Two Russian passenger planes crashed almost simultaneously late on Tuesday night killing all 89 on board, and security officials said they were investigating a possible terrorist attack.
The planes disappeared from air traffic controllers' radar screens within minutes of each other and one Tu-154, carrying 46 passengers and crew, sent a hijack alarm before crashing near the southern Russian city of Rostov-on-Don.
President Vladimir Putin ordered the FSB security service to investigate the crashes, which came before Sunday's presidential election in Chechnya where separatists have threatened to disrupt the poll with violence. Yesterday Putin returned to Moscow from the Black Sea resort of Sochi hours after the crash.
"The fact that both planes took off from one airport and disappeared from radars around the same time can show it was a planned action," the Interfax news agency quoted an aviation source as saying. "In such a situation one could not exclude a terrorist act."
Witnesses on the ground heard an explosion on board the second plane, a Tu-134 carrying 43 passengers and crew, just before it crashed near Tula, 150 kilometers south of Moscow.
There were no foreigners on board the planes, which both took off from Moscow's Domodedovo airport.
"Around 11 pm, give or take five minutes, there was this strange noise in the sky, then this torn-up book fell onto our garage," a local man told NTV television, holding up the book with its tattered pages.
The Interfax news agency said emergency workers spotted a fire about 965 kilometres south of Moscow in the region where the second plane went missing.
News agencies quoted security officials saying they could not rule out terrorism, while Rostov prosecutors opened a criminal probe into the crash of the Sibir Airlines Tu-154 en route to the Black Sea resort of Sochi.
"A minute before the plane disappeared from the radar screens the interior ministry received a report from an air traffic controller that there had been an attack on the crew," Interfax quoted an Interior Ministry official as saying.
A spokesman said: "We are considering an act of terror as one possibility, especially after we received an automatically generated message from the Sochi air control centre that the plane had been hijacked."
The incidents came against a backdrop of mounting violence in Chechnya, where Moscow has been battling separatists for a decade. Rebels launched a major raid in the local capital Grozny last week and have promised more attacks.

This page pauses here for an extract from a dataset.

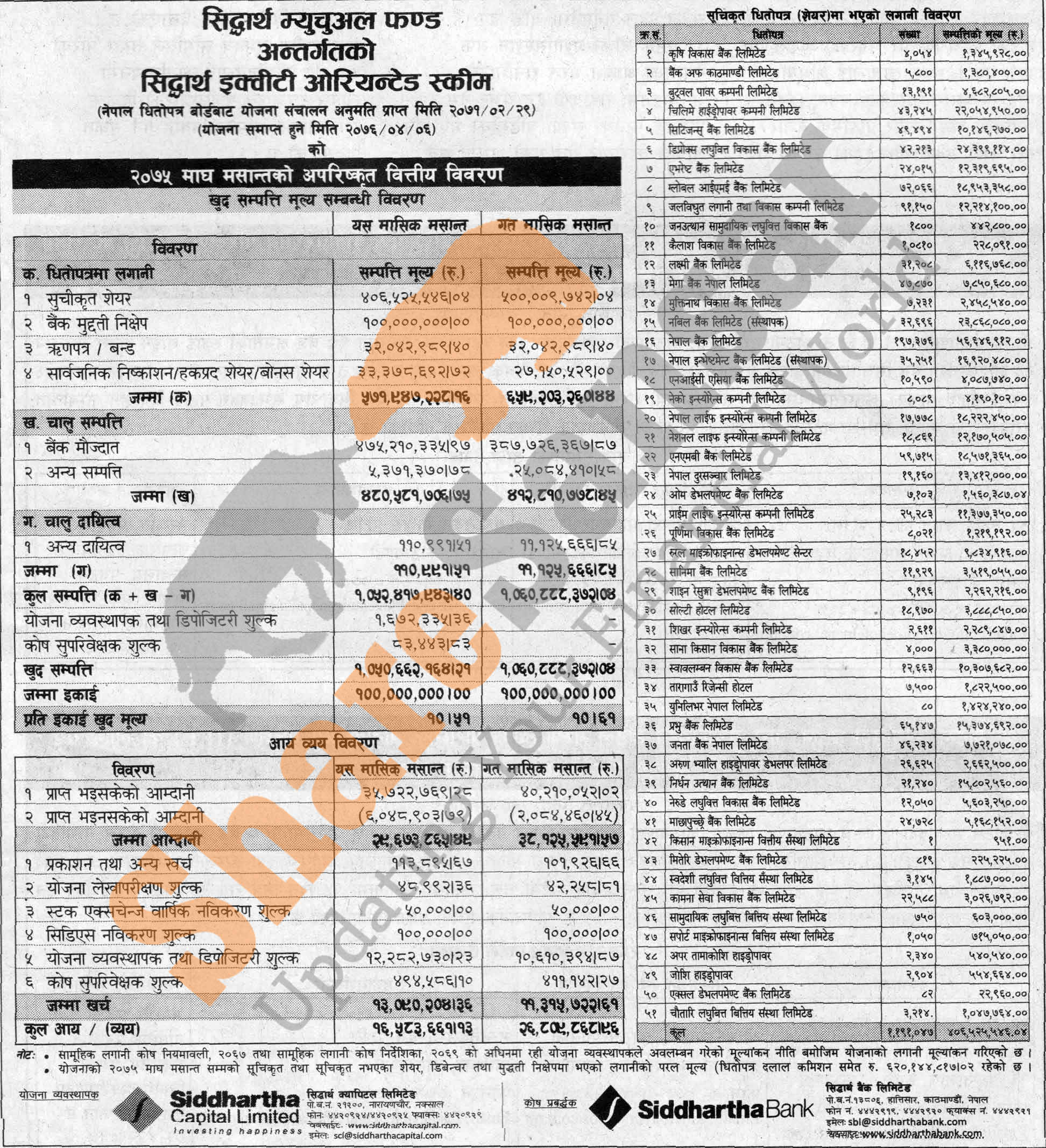 Siddhartha Capital Limited has published “Siddhartha Equity Oriented Scheme” Net Asset Value (NAV) till Magh, 2075.

The plane which crashed near Tula, operated by Volga-Aviaexpress, came down after nearly reaching its cruising altitude. The company said the plane was in good shape and its passengers had undergone all necessary security checks.
"I rule out pilot error, because even in the most serious conditions which can affect this kind of plane, such as loss of control or fire, the crew always has time to pass on information to the ground," Yuri Dmitriev, director of Volgograd airport, told Russia's Channel One television.
An Emergencies Ministry spokeswoman said there was no chance of anyone surviving as the plane fell from 10,000 metres. Wreckage was spread over several kilometres with some pieces about the size of a car, TV footage showed.
Three minutes after the Volga-Aviaexpress Tu-134 crashed, air traffic controllers lost contact with the Sibir Tu-154. Its wreckage was not found until yesterday morning.
Emergencies Minister Sergei Shoigu told Russian television that nearly all of the victims' bodies had been found, and flight recorders from both planes had been recovered.
Details of crashed planes
Below is key information about the two flights:
Moscow-Sochi:
Airline: Sibir Airlines
Flight number: 1047
Aircraft type: Tu-154
Passengers: 46 people including eight crew
Left Moscow's Domodedovo airport at 9:35 pm (1735 GMT)
Contact lost at 10:59 pm (1859 GMT)
Estimated crash location: about 140 kilometres from the city of Rostov-on-Don, near the Ukrainian border.
Moscow-Volgograd:
Airline: Volga-Aviaexpress
Flight number: 1303
Aircraft type: Tu-134
Passengers: 43 including eight crew
Left Moscow's Domodedovo airport at 10:15 pm (1815 GMT)
Contact lost at 10:56 pm (1856 GMT)
Estimated crash location: Tula region, near the village of Buchalka.